Museum of Opacities #2 Colonial Agricultures and Architectures
On Wednesday, May 21st, 2025, the MUCIV-Museum of Civilizations presents Museo delle Opacità (Museum of Opacities) #2. Colonial Agricultures and Architectures is the new chapter of the project, curated by Rosa Anna Di Lella, Gaia Delpino, and Matteo Lucchetti, dedicated to the reorganization and re-displaying of the collections of the former Colonial Museum of Rome, which became part of MUCIV in 2017 and are being re-catalogued.

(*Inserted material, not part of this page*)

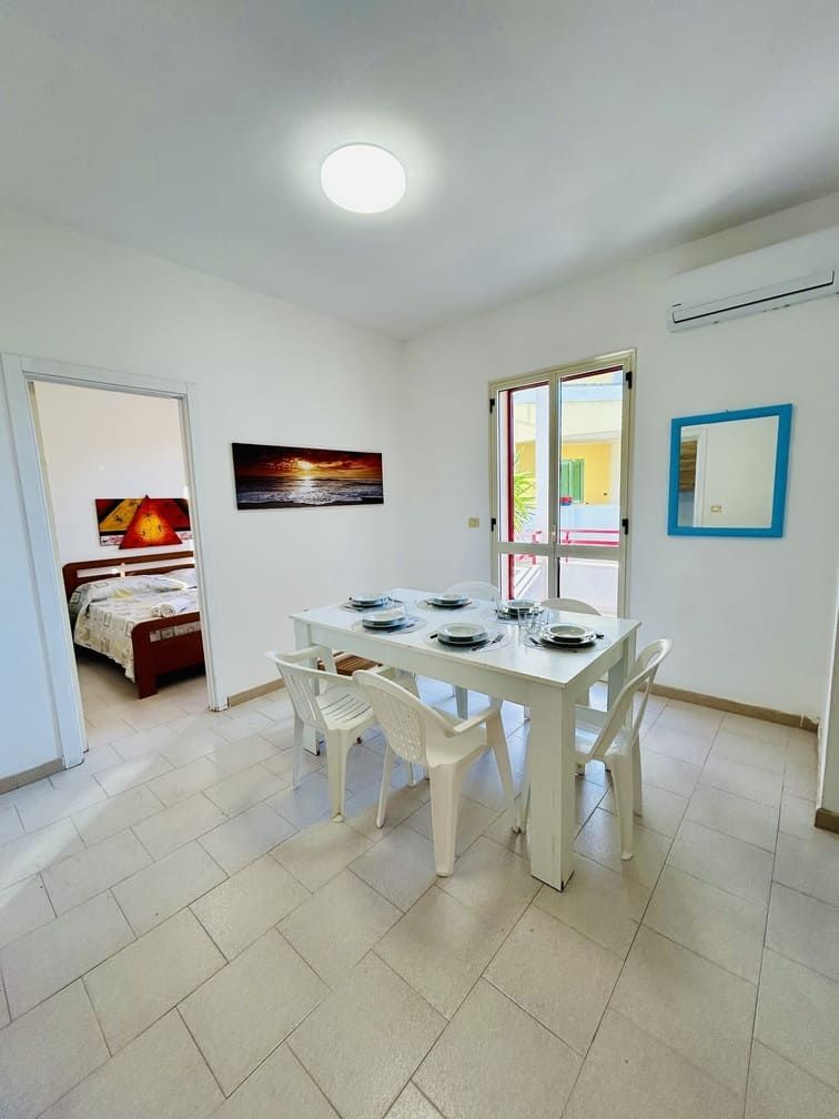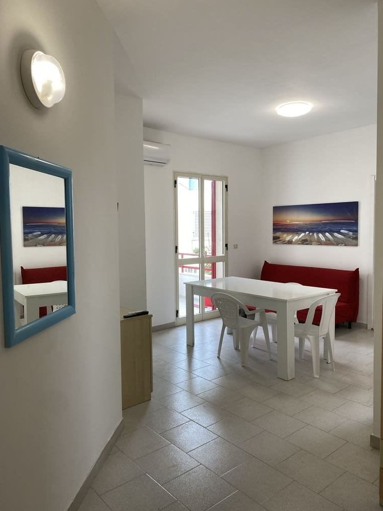Residenza MARINA è un trilocale situato in baia verde , composto da ingresso soggiorno, dove troviamo la zona pranzo con un divano,tv, una cucina attrezzata, due camere da letto una matrimoniale e l’altra con due letti singoli e un bagno con box doccia, ampia terrazza abitabile nella parte retrostante.

Consisting of more than 12.000 works and documents that prove the almost centenarian Italian colonial history in Africa (1882-1960), these collections were originally musealised in support of colonial policies but have not been exhibited since the closure of the Colonial Museum in 1971. Therefore, MUCIV involves its public in participating in the reflections around the rearrangement of the collections and the gradual restitutions to the community. In this process, the various chapters of the Museo delle Opacità’s (Museum of Opacities’) project go in-depth on individual aspects and thematic focal points, bringing into dialogue historical evidence with new research, contemporary art interventions, and the involvement of the interested communities.

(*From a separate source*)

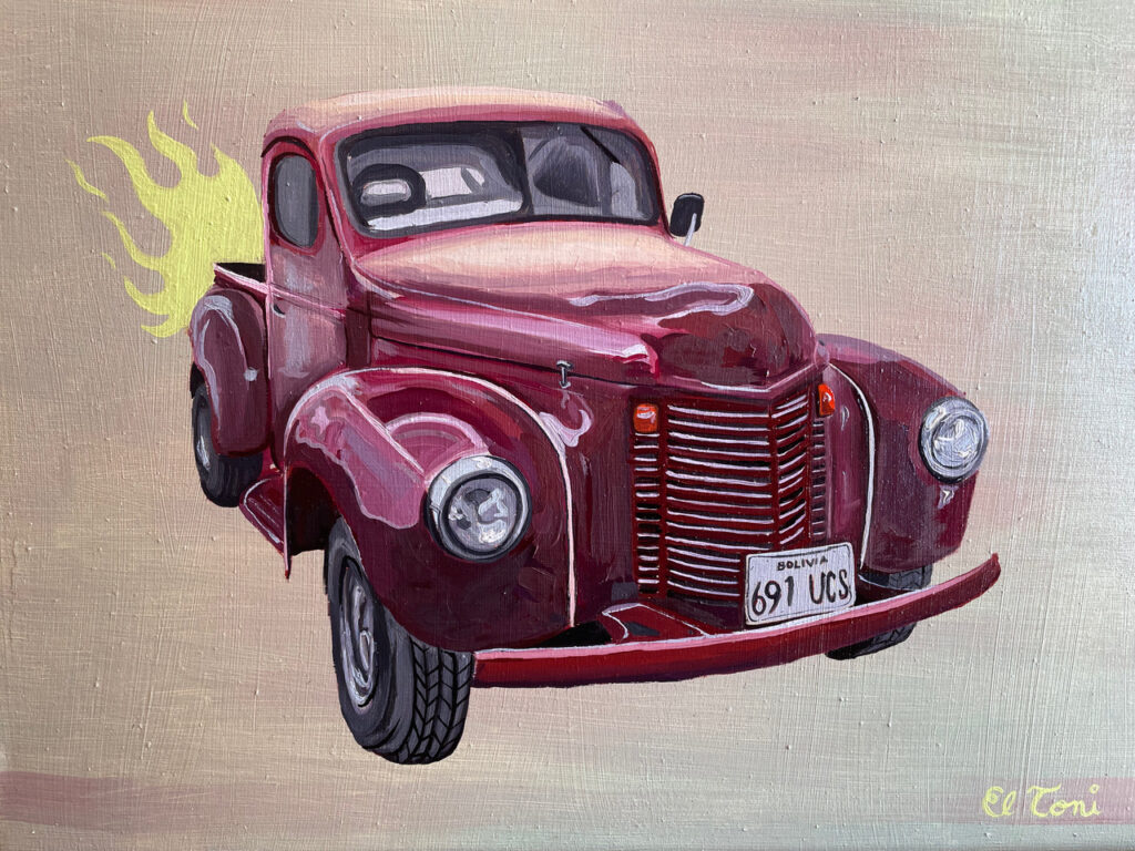 Tras experimentar diversas técnicas y materiales, Toni se especializa en la representación de motos y autos antiguos. Una temática que le es familiar, desde el conocimiento adquirido a través de su padre coleccionista en ese rubro.

In this second chapter, which follows the one that opened in 2023, the focus is on the relationship between agriculture and colonial architecture analysing – through documents, photographs, and works of art from the era – aspects such as the economic exploitation of human, environmental, and geological, resources, or the relationship between art and propaganda in the history of Italian colonialism in Eritrea, Somalia, Libya, and Ethiopia. Emblematic, in this second chapter, is the selection of photographic documentation of some of the main colonial exhibitions that took place on Italian territory, starting from the International Exhibition of Navy and Marine Hygiene (Esposizione Internazionale di Marina e Igiene marinara) in Genoa in 1914 to the First Triennial Exhibition of Italian Overseas Lands (Prima Mostra Triennale delle Terre Italiane d’Oltremare) in 1940 in Naples, passing through Rome, Milan, and Bari. The documentary funds of the former IsIAO (Italian Institute for Africa and the Orient) also contribute to sharing the ongoing research, which complements the exhibition thanks to the collaboration with the National Central Library in Rome. Some in-depth tools integrate the exhibition path, allowing the selected materials to be contextualised within the more general framework of colonial policies and economies, and a programme of guided tours, educational activities, and public events will offer further moments of discussion.
The connection to the contemporary scenarios is entrusted, in this second chapter, to two installations: Rights to Seeds, Rights of Seeds by Cooking Sections, acquired thanks to the PAC-Piano per l’arte contemporanea by the Italian Ministry of Culture, and Entity of Decolonizations: Ashes, which represents the concluding intervention of the three-year research conducted at the museum by DAAR – Sandi Hilal and Alessandro Petti as Research Fellow. Works of art from the historical collections of the former Colonial Museum include contributions by the artists Domenico De Bernardi, Gariesus Gabret, Laurenzio Laurenzi, Giorgio Oprandi, Yohannes Tesamma, Giustino Varvelli, Teodoro Wolf Ferrari, and Yitbārak, in dialogue with three works from the MUCIV Contemporary Art Collections, by Peter Friedl, Jermay Michael Gabriel, and Adelita Husni-Bey.